For 15 years, the University of Nebraska Medical Center and Nebraska Medicine prepared for this moment.
They trained their physicians, nurses and staff to wear personal protective equipment — the heavy hazmat-style layers that protect against dangerous pathogens — perfected medical procedures under the weight of those layers and ran drills on providing care in areas of deadly contamination.
In the wake of 9/11, as the country scrambled to respond to a new, devastating threat, hospitals, universities and state governments were called on to prepare. For what was unclear. The veiled, recondite threat of terrorism meant unknown dangers, including the possibility of biological warfare, thrown into sharp relief by the series of anthrax attacks that followed the World Trade Center’s fall.

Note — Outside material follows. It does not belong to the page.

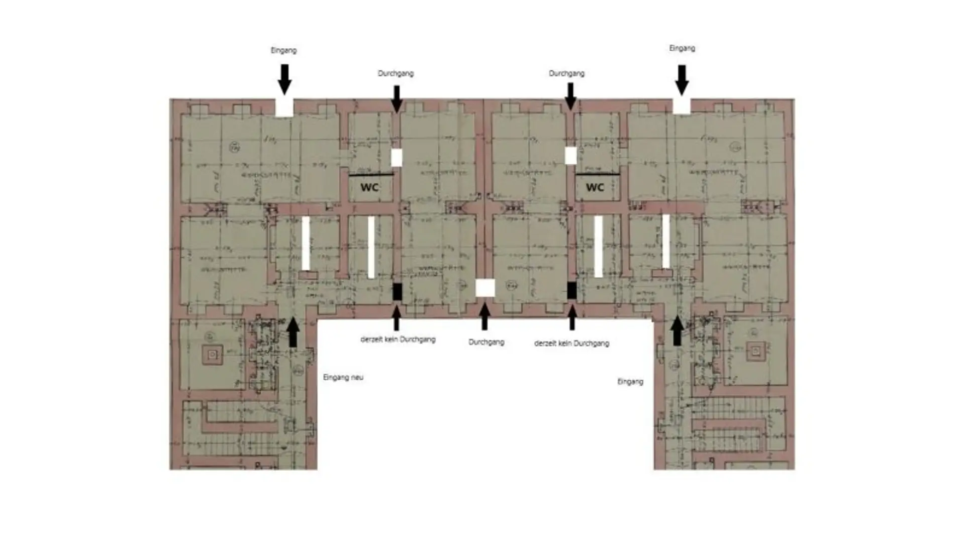 Derzeit verfügt das Objekt über 8 große Gewölbe-Räume (mit 1-2 Fenster), die teilweise offen gestaltet sind und teilweise mit Türen verbunden sind sowie 6 weitere, kleinere Räume (teilweise mit Fenster).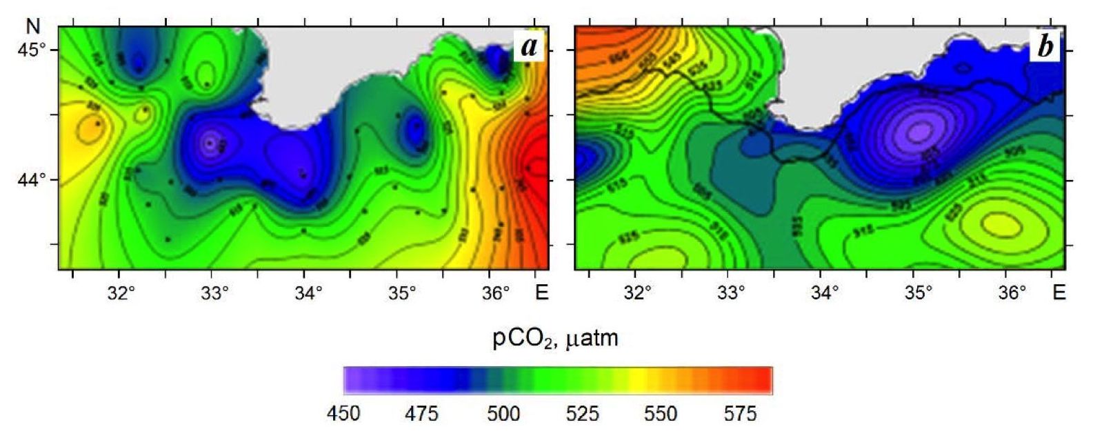 In general, the values of the CO2 equilibrium partial pressure near the sea surface obtained from the simulation results are quite close to the measurement data. The spatial distribution of pressure on two maps does not coincide, however, a characteristic decrease of pressure values near the Southern Coast of Crimea and Sevastopol is observed on both maps. It should also be noted that the map obtained from the model refers to a specific date (26 June), while the survey, on the results of which the left map is based (Fig. 6, a), lasted more than two weeks.

Few responded to the call with the diligence of UNMC and Nebraska Medicine. Immediately, their leadership began drawing up plans for a biocontainment unit: a 10-bed facility, the largest of its kind at the time, fitted with negative air flow, a pressurized entrance and decontamination autoclaves, which would provide a safe environment to deal with the world’s worst pathogens.

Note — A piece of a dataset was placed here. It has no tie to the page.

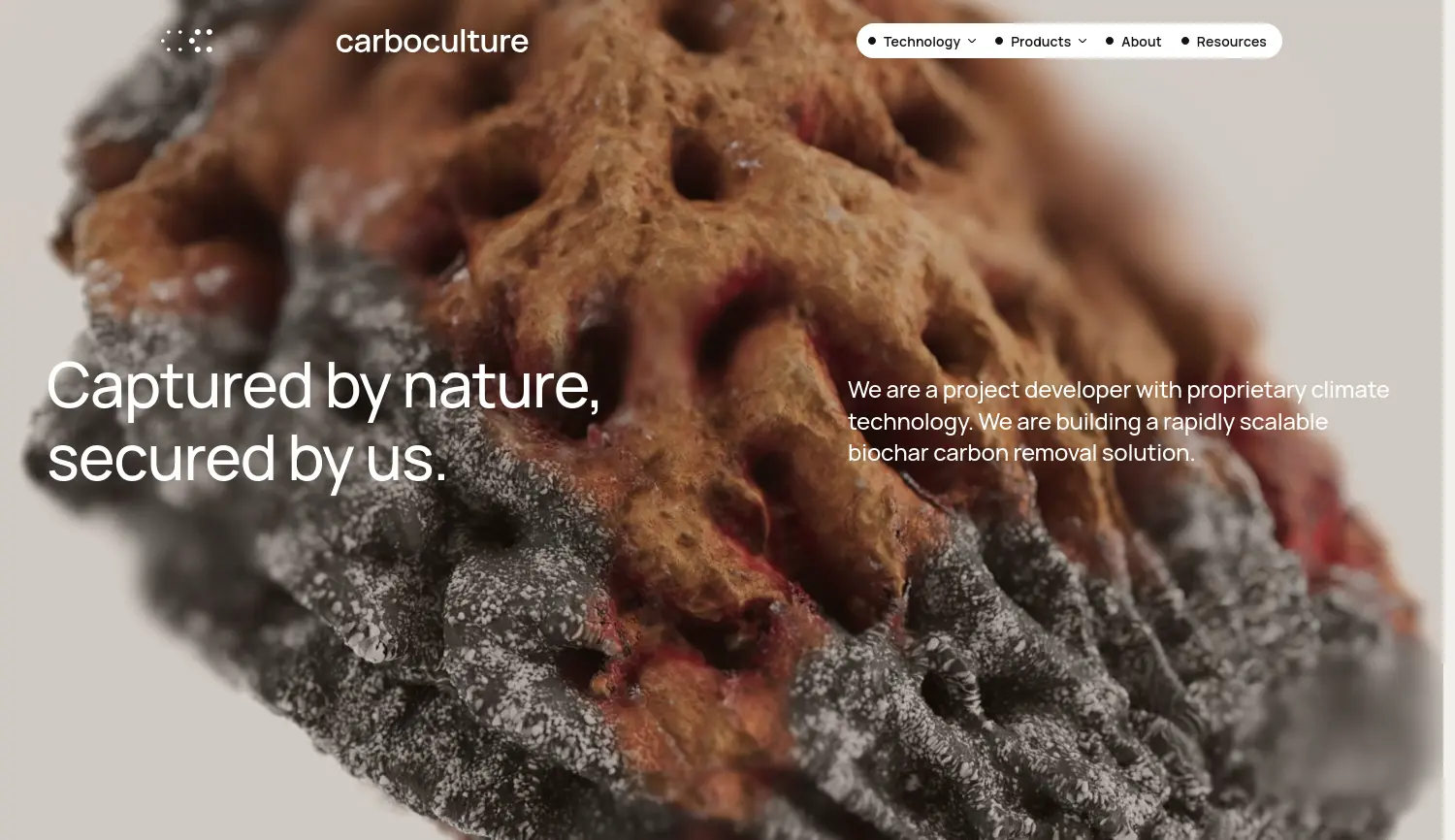 Kohlenstoff von der Natur aufgenommen, von uns gesichert. Carbo Culture nutzt patentierte Carbolysis™ Reaktoren, um Biomasseabfälle in Biochar umzuwandeln und so Kohlenstoff dauerhaft zu speichern und erneuerbare Energie zu erzeugen.

“We took it seriously,” said Ken Bayles, Ph.D., executive director of basic science research for UNMC’s Global Center for Health Security. “Not only did we stand it up and invest in and build this structure, but we prepared year after year.”
The Nebraska Biocontainment Unit officially opened in 2005. Then it sat empty, as the world waited and attention drifted to other things. But it was never unused. UNMC and Nebraska Medicine continued to prepare — training staff, running drills, learning and getting better.
Then, in 2014, Ebola hit West Africa, and U.S. physicians and a journalist who had been exposed to the deadly virus were flown to the place best equipped to treat them. The “hospital in Omaha” — still without name recognition in the national press — rocketed into the global spotlight.
“Not only were we ready,” said Bayles, “we took on patients, and we did a good job. Then afterwards, we became a leader. We rose to the top pretty clearly. And I think the federal government really took notice of that.”
Two patients were treated and discharged; one, whose disease was advanced by the time he arrived, didn’t make it home. It was a defining experience for the team. It gave them practical knowledge that advanced their understanding of pathogens and how to treat and contain them. It also led to further federal partnerships and the establishment of the National Ebola Training and Education Center (NETEC), which trains health care and public health professionals nationwide to prepare for catastrophic diseases.
It made them even better.
“One thing we learned from taking care of the Ebola patients,” said Cheryl Rand, clinical operations lead of the Nebraska Biocontainment Unit, “is no one got sick. The disease didn’t spread anywhere from here. So we knew we could do that again.”
They continued to prepare. NETEC grew; it has now reached more than 120 hospitals nationwide, and NETEC staff has trained more than 8,000 health care and public health professionals on deadly pathogen preparedness.
“I would say the majority of hospitals in the country in one way or another has benefited from NETEC training,” said James Lawler, M.D., executive director of international programs and innovation at the global center.
Few could have predicted how necessary that training would prove to be — the devastating scale of what was to come. In the months since COVID-19 began spreading throughout the world, it has ravaged communities, touched nearly every country in the world and caused massive shutdowns to curb its spread that have created Great Depression-like economic pain.
But UNMC and Nebraska Medicine’s preparedness and expertise have helped not just Nebraska or even just the U.S. but the whole world battle the pandemic. They treated some of the U.S.’s first COVID-19 patients. They conducted some of the earliest virus tests and clinical treatment trials. Their leadership ran models of the virus’s spread and was critical in informing state and federal policy.
Fifteen years of gathering expertise, running drills over and over and preparing for every scenario put UNMC and Nebraska Medicine in a position to make a substantial difference in one of the world’s most deadly and dramatic crises. They were front and center in the global fight — right here in Nebraska.